The orca Lolita, who had been captive for more than five decades in the American aquarium Miami Seaquarium, died this Friday, the establishment reported on its social networks.
The company detailed that during the last two days, Lolita, also known as Toki, “began to show serious signs of discomfort”, for which “the veterinary team began treatment immediately.”
“Despite receiving the best possible care, he passed away on Friday afternoon of what is believed to be a kidney condition,” reads a statement.
“Toki was an inspiration to all who were fortunate enough to hear about her story, and especially to the Lummi Nation, who considered her family. Those who had the privilege of spending time with her will forever remember her beautiful spirit,” they said from the aquarium.

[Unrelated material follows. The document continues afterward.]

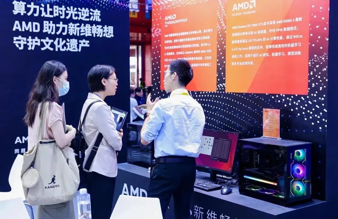 Among them, Yan Dun, an important cultural relic of Beijing's South-Central Axis, was presented in the form of a digital display. Through the micro-trace restoration technology, with visual AI enhancement, it was re-presented to the public, so that the cultural heritage of Yan Dun, the landmark of Beijing's central axis, made a wonderful appearance in the pavilion of GITF. Behind this scene is the effort of new dimension thinking together with AMD and AMD industry solution partner Kuanheng Technology, and the three parties jointly presented the latest technology and solutions for digitization of cultural relics and monuments. This case connected technology and AI applications, integrating protection, restoration, utilization and dissemination, and aroused the interest of many visitors.
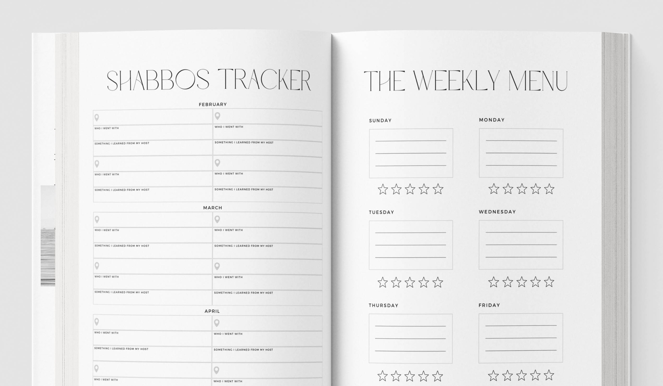 Track the essentials —Shabbos plans, sleep schedules, travel adventures, moods, and all your Shabbos host contacts in one place. Your year, organized and unforgettable.

A “historic” plan to release the gigantic mammal in the Northwest Pacific Ocean was revealed in March. The authorities never gave a date for his transfer, but the businessman and philanthropist Jim Irsay, who promised to finance it, assured then that the process could take between 18 and 24 months and cost between 15 and 20 million dollars.
Lolita, who has lived at the Miami Seaquarium since 1970, was captured in the waters of Puget Sound in the Pacific Northwest when she was about four years old. During her first decade at the Florida marine park she lived with a male orca, named Hugo, who died of a brain aneurysm in 1980. She has been on her own ever since.